SRL aims to change that. Rather than asking a model to simply copy the right answer or guess through trial and error, the system teaches it to reason through problems one step at a time. Each stage of the reasoning process is guided by examples from expert “trajectories” that show how a skilled model or human might approach the task.

At every step, the smaller model generates its own internal thought process, then decides on an action. Only that action is compared with the expert’s move, earning a reward if it is similar. Even if the final answer is wrong, the model still receives feedback on each intermediate step, allowing it to learn effectively from partial success.

Outperforming Traditional Training Methods

The research team tested SRL on mathematical reasoning and software engineering benchmarks using the 7 billion parameter Qwen2.5 model. When trained with standard supervised fine tuning, the model’s performance on hard maths problems actually declined. But with SRL, accuracy improved significantly, particularly when followed by another reinforcement learning phase known as RLVR.

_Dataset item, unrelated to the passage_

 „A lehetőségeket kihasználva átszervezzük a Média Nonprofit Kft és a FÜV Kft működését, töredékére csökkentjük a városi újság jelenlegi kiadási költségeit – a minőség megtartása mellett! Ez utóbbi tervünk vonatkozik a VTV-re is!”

In one experiment, SRL raised scores on two tough maths tests, AIME24 and AIME25, by up to double compared with the baseline. When combined with RLVR, the approach delivered the best open source results reported so far.

The team also applied SRL to software engineering tasks using verified programming examples generated by Anthropic’s Claude 3 Sonnet model. On the SWE Bench Verified benchmark, SRL more than doubled the performance of the base model, showing that the method works across very different problem types.

A Practical Bridge Between Two Worlds

Traditional supervised training helps AI models mimic examples but can make them rigid and over dependent on the data. Reinforcement learning encourages exploration but often fails when correct solutions are rare. SRL blends the two, offering the structure of supervision with the flexibility of reinforcement.

Crucially, SRL requires no additional reward model and can be applied to relatively small datasets. This makes it a practical approach for open source developers and research teams without access to the huge budgets of commercial AI labs.

Looking Ahead

Experts say SRL could help close the gap between large and small models, enabling compact AI systems that reason more transparently and cost less to run.

While challenges remain, such as the effort needed to produce expert trajectories, the early results are promising. By merging the best of both learning worlds, Google’s new framework may mark an important step towards more capable and efficient AI reasoning.